Une chose est sûre en effet, c'est que
rien ne sera plus comme avant, et pour
une bonne raison : la République
populaire a manifestement vaincu
l'épidémie en deux mois. Les oiseaux de
mauvais augure diront que c'est faux,
que les chiffres sont truqués, que
l'épidémie peut rebondir. Mais les
experts internationaux disent le
contraire, et les faits parlent
d'eux-mêmes. Le nombre quotidien de
nouvelles contaminations est désormais
50 fois plus élevé dans le reste du
monde qu’en République populaire de
Chine. Sur les 80 000 cas recensés
depuis janvier dans ce pays, 70 000
patients sont déjà guéris. Les
restrictions aux déplacements sont
levées progressivement et l'activité
économique redémarre. On comprend que
cette réalité attriste les ennemis de la
Chine qui pullulent dans les médias du
monde libre, mais il va falloir qu'ils
s'y fassent. La Chine a réussi ce
qu'aucun pays n'a jamais réussi à faire
: vaincre une épidémie par une
mobilisation massive de la société et de
l'Etat. Après avoir signalé le virus à
l'OMS le 31 décembre 2019, la Chine
s'est mise en ordre de bataille. Sans
précédent dans l'histoire, le
confinement de 50 millions de personnes,
dès le 23 janvier, a ralenti la
progression de l'épidémie. Apparu masqué
à la télévision le 8 février, le
président Xi a décrété "une guerre du
peuple contre le nouveau démon". Des
dizaines de milliers de volontaires ont
afflué au Hubei, des dizaines d'hôpitaux
ont été construits en quelques semaines,
des milliers d'équipes ont été envoyées
pour tracer les contacts entre les
malades et leur entourage. Un seul
exemple : à la fin des festivités du
Nouvel An chinois, 860 000 personnes
sont rentrées à Pékin. Le gouvernement
leur a ordonné de rester chez pendant
deux semaines et la municipalité a
mobilisé 160 000 gardiens d'immeubles
pour s'assurer du respect de cette
consigne. Si l'épidémie est en recul, ce
n'est pas parce qu'on a fait tourner des
moulins à prière, c'est parce que le
peuple chinois a fait des efforts
gigantesques. En Europe on critique la
Chine, on tergiverse, on "privilégie
l'économie", et en attendant la pandémie
se répand. En 2009, le virus H1N1 apparu
au Mexique et aux USA a infecté 1 600
000 personnes et en a tué 284 000 dans
le monde entier.

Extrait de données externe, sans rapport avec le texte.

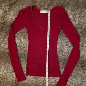 Juicy Couture red long-sleeve ribbed v-neck tee S
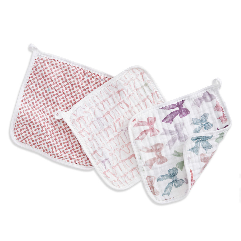 赤ちゃんの肌を守る「優しさ」を、大人のバッグにも忍ばせて。素肌が喜ぶ、贅沢3重ガーゼのガーゼハンカチ。エイデンアンドアネイのウォッシュクロスは、世界中のベビーに愛されるベストセラー。その理由は、「赤ちゃんの敏感な肌を守るクオリティ」だからこそ実現した、極上の※肌触りと吸水性にあります。出産準備の「沐浴ガーゼ」としてはもちろん、大人の女性の「タオルハンカチ」としても。一度使うと手放せない、ふんわり柔らかな一枚です。ForBaby:赤ちゃんの「安心」として沐浴から保育園まで。ママの必須アイテム。デリケートな肌を洗う「ボディタオル」や、お口拭き・よだれ拭きとして。一般的なガーゼより厚手(3枚重ね)でへたりにくく、吸水性があります。ループが付いているので、保育園や幼稚園の「手拭きタオル」としても、入園準備の定番品です。ForYou:大人の「ハンカチ」としてバッグに一枚。汗ばむ季節も、手洗い後も心地よく。「パイル地のタオルはかさばるけれど、薄いハンカチでは頼りない」そんなオトナに選ばれているのが、このウォッシュクロスです。吸水力:3枚重ねのモスリンコットンが、手洗いの水分や汗を吸収。肌にそっと当てるだけで拭き取れます。清潔:通気性が良いため、蒸れにくく、すぐに乾きます。どこでもフック:ループ付きなので、オフィスの洗面所やジム、旅行先のフックに掛けて使えます。自分専用の手拭きとして衛生的です。SecretTip:実は「キッチン」でも実力派。お皿拭きやグラス磨きに。知る人ぞ知る活用術。ギフトで余った時はぜひキッチンで使ってみてください。「プロ級のキッチンクロス」に早変わりします。繊維の毛羽立ち(ケバ)が少ないため、グラスや食器をピカピカに拭き上げることが可能。洗った食器の水切りマットや、台拭きとしても非常に優秀です。GOTSとは オーガニック繊維製品を製造加工するための国際基準です。※ブランドにおいて
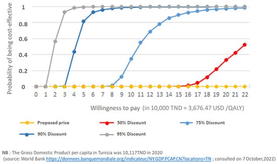 Figure 4 illustrates the probability of the treatment being cost-effective according to the willingness to pay (expressed in 10,000 TND ≈ 3676.47 USD/QALY) for different scenarios of potential discounts on the proposed price. The probability of the product being cost-effective at the proposed price is 0%.
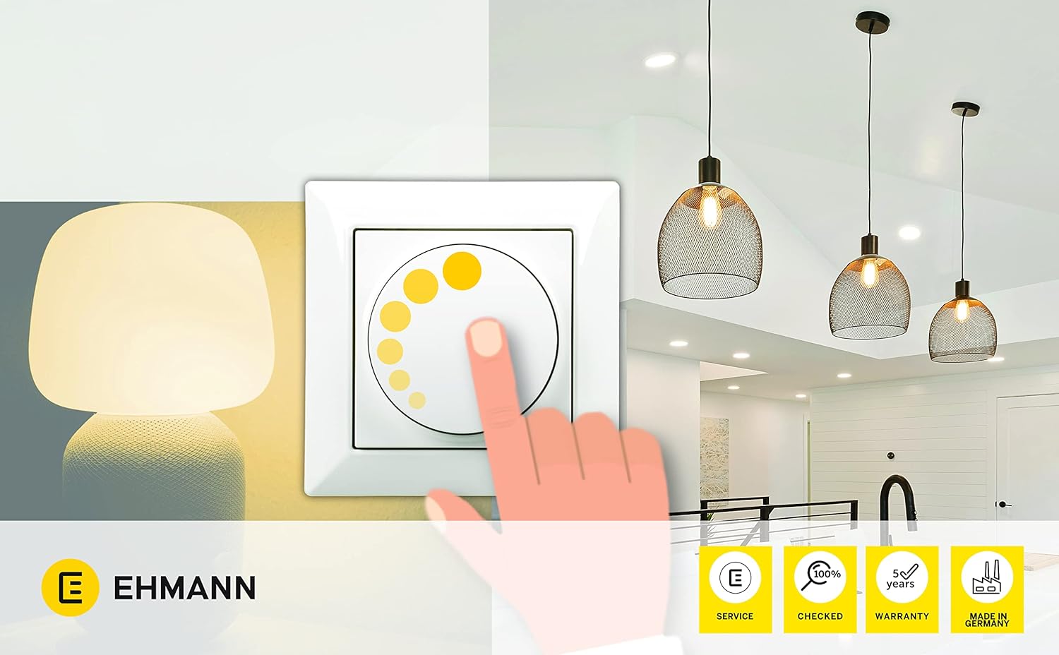 • Geeignet für dimmbare LED-Lampen, Glüh-, HV- und NV-Halogenlampen mit magnetischem Transformator, EHMANN Service: LED Empfehlungsliste
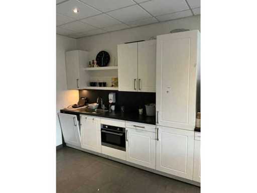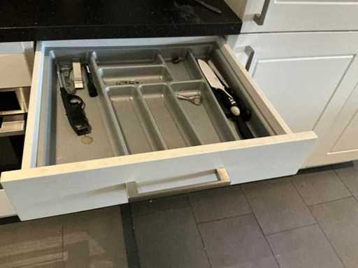 Wyposażony w zlew z kranem mikserowym, wbudowaną zmywarkę AEG, wbudowany piekarnik Etna, wbudowaną chłodziarkę Zanussi oraz różne przybory kuchenne, ekspres do kawy nie był dołączony, o całkowitych rozmiarach około 300x60x235cm. Miedź musi profesjonalnie zakręcić połączenia wodne i kanalizacyjne.
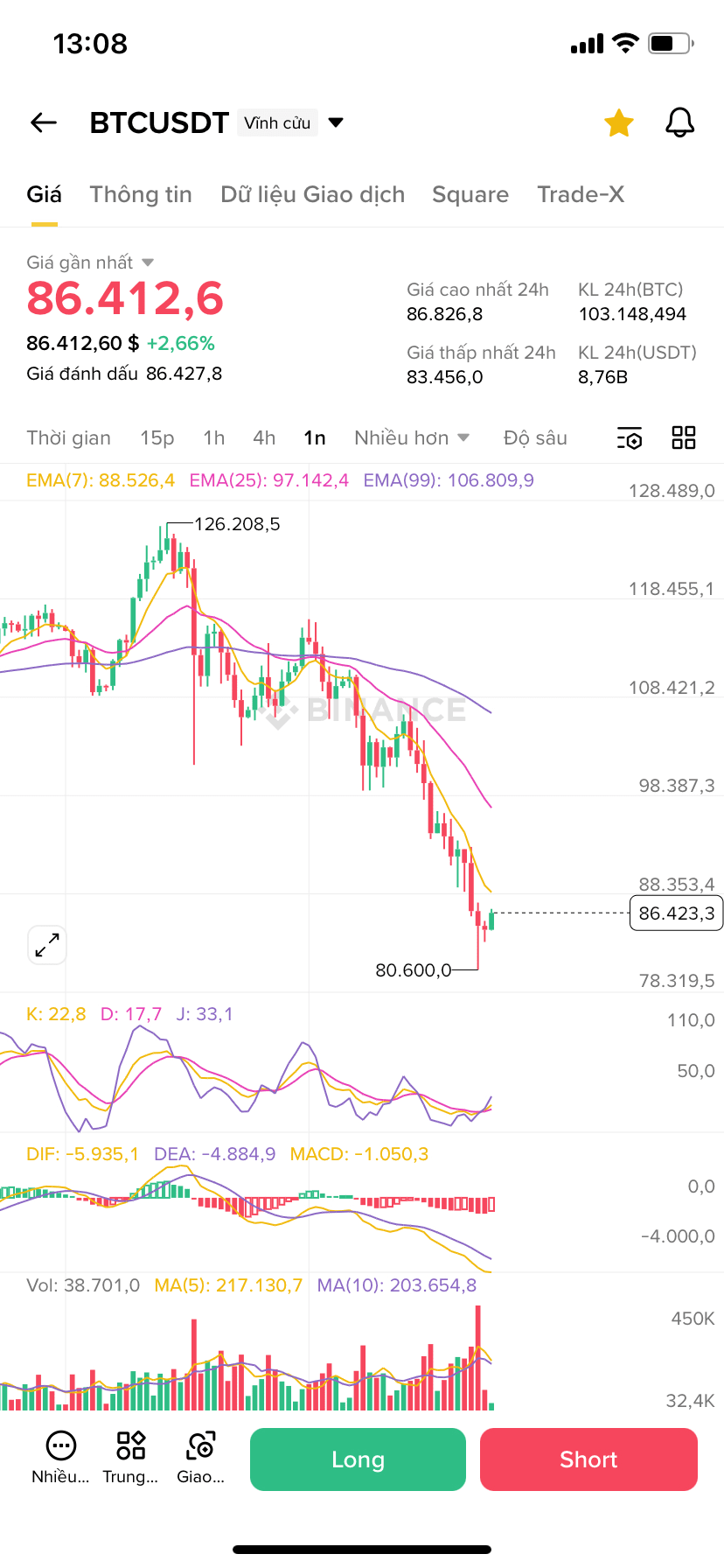 Bitcoin #BTC ha subito un grande calo di circa il 35%, questo è un punto interessante per entrare per chi gioca in spot, personalmente penso che BTC subirà un'ultima correzione (un minimo di circa 78k) e poi salirà fino a 100k, quindi ora sto aprendo un ordine short e poi long di nuovo a tp
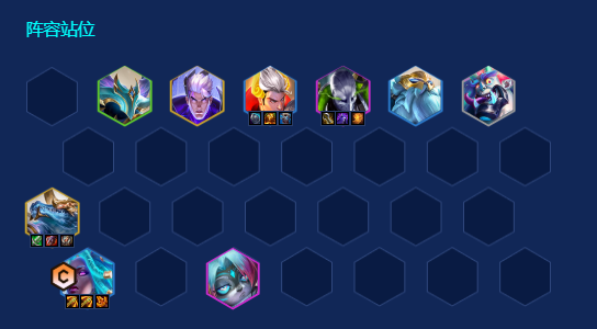 劫站左三右三格位置切后排,皇子站中带减益装备挂BUFF,技能AOE打的足。鳄鱼吃塞纳加攻击力,塞纳有杀手回血不怕掉血。注意上方留个格子让鳄鱼出去。
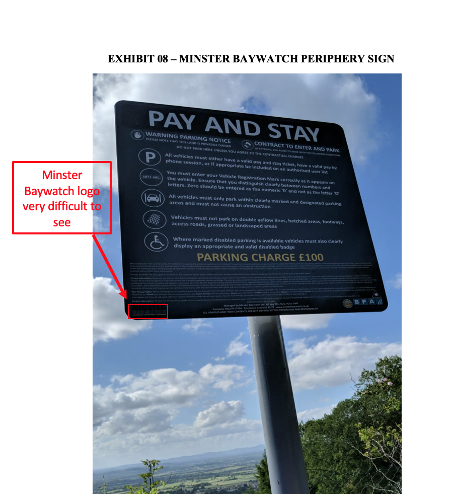 12. It is only when you explore the far peripheries of the car park where there are some smaller signs with illegible terms. It is on these signs you can barely make out a small dark logo ‘Minster Baywatch’ (Exhibit 08). Of note, the parking terms between the tariff payment signs and these smaller periphery signs are in fact different. The Minster Baywatch sign requires a ticket or an active Ringo payment. The Bransby Wilson one permits retrospective payments up to midnight. The wording of the contract and payment details are on the Bransby Wilson tariff sign. It is the payment that is the consideration for the contract terms and who the contract is with. The offer to park is by Bransby Wilson.

Washington a brillé par
sa nullité dans le traitement de cette
pandémie, et les médias occidentaux ont
préféré regarder ailleurs. Aujourd'hui,
il va falloir admettre que notre système
est inopérant, tandis que le socialisme
chinois a fait une nouvelle
démonstration de sa supériorité. Car
pour combattre une telle menace, encore
faut-il avoir un Etat. Mais le nôtre, où
est-il ? La santé publique est-elle sa
priorité ? Serait-il capable de
construire de nouveaux hôpitaux, alors
même qu'il s'acharne à détruire ceux qui
existent ? Dans un pays où la propriété
publique est négative, où l'on a
privatisé et démantelé les services
publics, où l'Etat est l'otage
volontaire des milieux financiers,
serions-nous capables d'effectuer 10% de
ce que les Chinois ont fait ? Il est
vrai qu'à Pékin on n'applique pas les
consignes néolibérales, les banques
obéissent au gouvernement, la propriété
publique pèse 50% de la richesse
nationale, l'Etat a une obligation de
résultat, il est jugé par 800 millions
d'internautes sur sa capacité à régler
les problèmes, il sait qu'il est
comptable de l'intérêt national, que son
mandat n'est reconduit que s'il fait ses
preuves dans les faits et non en
paroles. Dictature totalitaire, ce
système ? Etrange dictature où le débat
est permanent, les erreurs dénoncées,
les manifestations fréquentes, les
institutions soumises à la critique. Ce
serait un régime totalitaire, parce
qu'il astreint des populations entières
au confinement massif dont tous les
experts disent qu'il est la seule mesure
efficace ? C'est un système imparfait
sans doute, mais qui fonctionne et tient
compte de ses erreurs. Tandis que chez
nous, l'autosuffisance tient lieu
d'autocritique, le dénigrement des
autres remplace la prise de
responsabilité et le bla-bla permanent
l'action efficace. L'éditorialiste du
"Monde", ce coryphée de la science, a
bien raison : "c'est la faillite d'un
système". Sauf que le système en
faillite n'est pas celui qu'on croit.